FIGURE 7.

PI3K pathway activation status differentially affected changes in histone modifications as well as p65 binding to MTOR promoter. A, Nrf2 overexpression led to its increased binding to MTOR promoter. This led to different results depending on the activation state of PI3K pathway. In A549 and H358, which have physiologic PI3K pathway, increased Nrf2 binding led to increased H3-K4me3 signal parallel to a small decrease in H3-K27me3 and in p65 binding. In H460 and MDA468, both hosting abnormally activated PI3K pathway, increased Nrf2 binding resulted in higher p65 binding and higher H3-K27me3 signal, concomitant with a decrease in H3-K4me3 levels. In T47D cells, Nrf2 induction did not result in significant increase in Nrf2 binding, and no significant change was observed in H3-K27me3 and H3-K4me3 signals as well as p65 binding. B, Nrf2 overexpression led to its increased binding to NQO1 promoter.
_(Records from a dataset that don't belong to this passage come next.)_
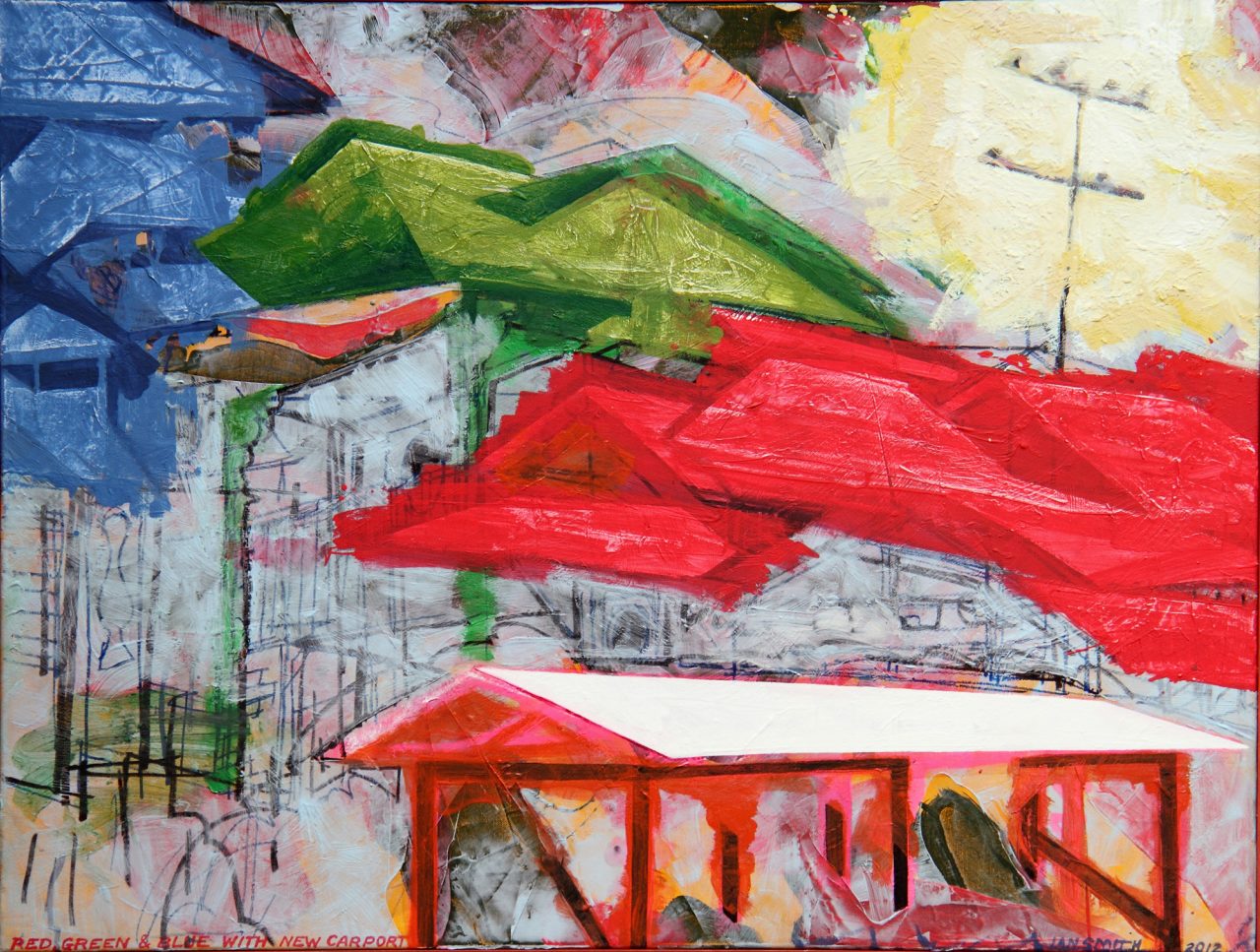Ian Smith tunes into locality as a psychological space. He picks up on the abundance of colour but also the tensions in and between these coloured spaces. In Red, Green & Blue with new carport 2012 Smith has captured the intense upscaling of Brisbane’s suburbs over the last few decades. Suggested architectural plans float in the air as hopes and aspirations. However what is fully formed in this glimpse of a hilly suburb is from another era. It is the raw and seemingly immovable telegraph pole and the matter-of-fact new carport (read shed) prominently installed in the foreground. Perhaps pragmatism wins out.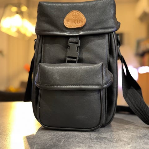 Proline skulderveske i svart materiale med brune detaljer. Vesken har to spenner foran, justerbar skulderrem, og flere rom for oppbevaring. Passer til daglig bruk og oppbevaring av personlige eiendeler.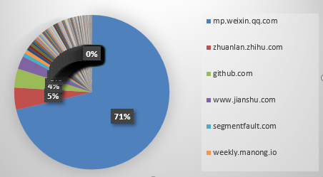 在优质的技术文章生产方面,微信公众号一骑绝尘,知乎、GitHub、简书也占有一定的比例。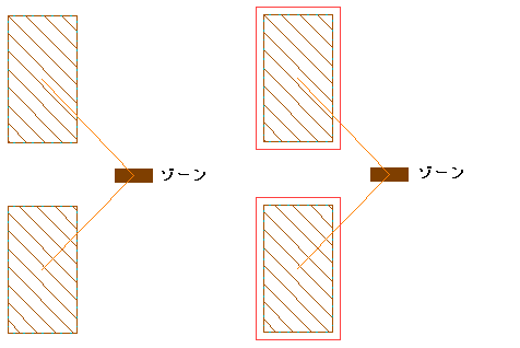 オフセットが 0 のゾーン境界(左)と、あるオフセット値のゾーン境界(右)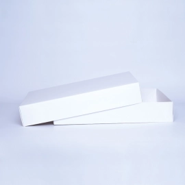Construite en carton contrecollé de 420 g/m² de première qualité, la boîte Campana combine solidité et légèreté. Avec ses dimensions internes de 40x31x8 cm (tolérance de +/-0,5 cm), elle satisfait les exigences des professionnels et des particuliers à la recherche d'emballages généreux et robustes. Son système d'assemblage en deux parties, base et couvercle, permet un montage rapide et sans besoin de colle, réalisable en moins d’une minute.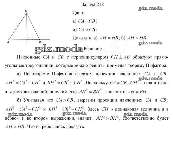 ОТВЕТ на задание № 218 Учебник по Геометрии 8 класс Казаков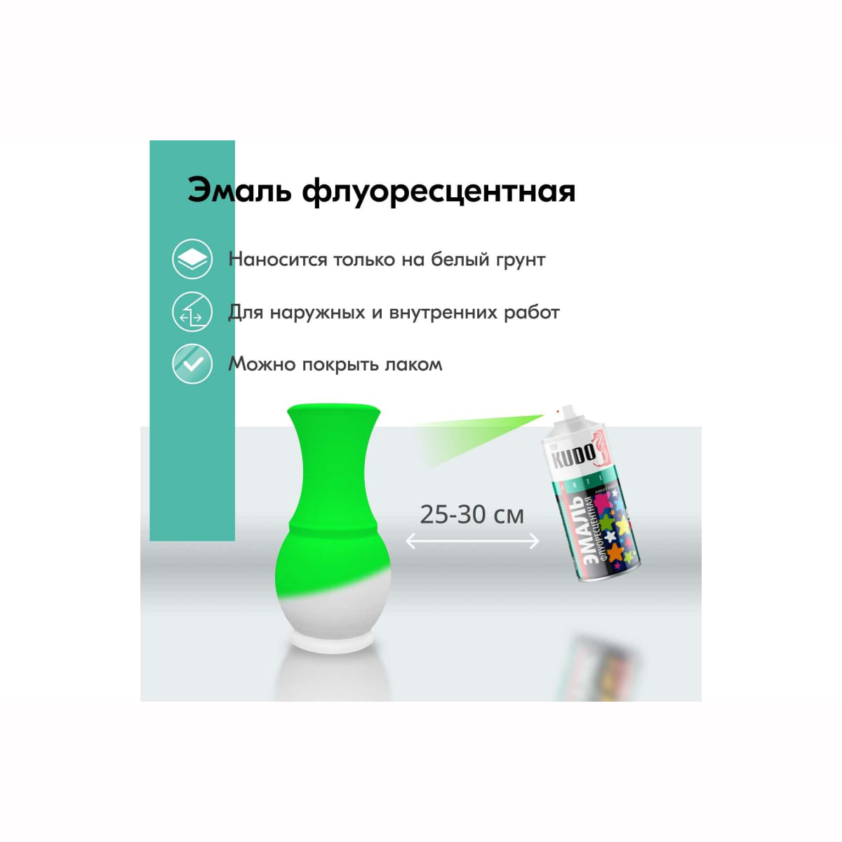 Специальная эмаль со светоотражающей способностью для создания предупредительных и сигнальных эффектов на дорожных знаках и технике, станках, ступенях, элементах ограждений, а также для оформительских работ и декоративного окрашивания.При ультрафиолетовом облучении интенсивность свечения эмали увеличивается.Во избежание попадания следов аэрозоля рекомендуется защищать поверхности, не подлежащие окраске.Для достижения наилучших результатов эмаль наносить при температуре окружающей среды не ниже +10°С.Перед использованием баллон энергично встряхивать в течение 2–3-х минут.Эмаль наносится на предварительно обезжиренную, зачищенную, загрунтованную и зашлифованную поверхность. Для грунтования поверхности рекомендуется использовать "Грунт акриловый универсальный KUDO®".Эмаль наносится с расстояния 25–30 см в 2–3 слоя с промежуточной сушкой 10–15 минут при температуре +20°С. Время высыхания при температуре +20°С не менее 30 минут.Для придания большей устойчивости к воздействию внешних факторов желательно окрашенную поверхность покрыть лаком. Рекомендуется использовать "Лак акриловый универсальный KUDO®".Основа: акриловаяСушка между слоями: 10-15 минутВысыхание на отлип: 30 минутПолное высыхание: 2 часаРасход: ~ 2 м²Состав: модифицированная полиакрилатная смола, флуоресцентные пигменты, функциональные добавки, ксилол, бутанол, метилацетат, пропан, бутан.Важно! Эмаль наносится только на белый грунт. В противном случае флуоресцентный эффект не проявится в полной мере.Внимание! По окончании работы во избежание засорения головки распылителя перевернуть баллон вверх дном и распылять до тех пор, пока не перестанет поступать эмаль.

This led to decreased H3-K27me3 signal and p65 binding, whereas no significant change was observed in H3-K4me3 mark in A549 and H358 cells. In H460, MDA468, and T47D, H3-K27me3 mark and p65 binding were increased, whereas H3-K4me3 was significantly increased in H460 and MDA468 cells. -Fold increase data are expressed as the mean ± S.D. of three different experiments. *, p < 0.05; **, p < 0.01; ***, p < 0.001 compared with pcDNA-transfected controls.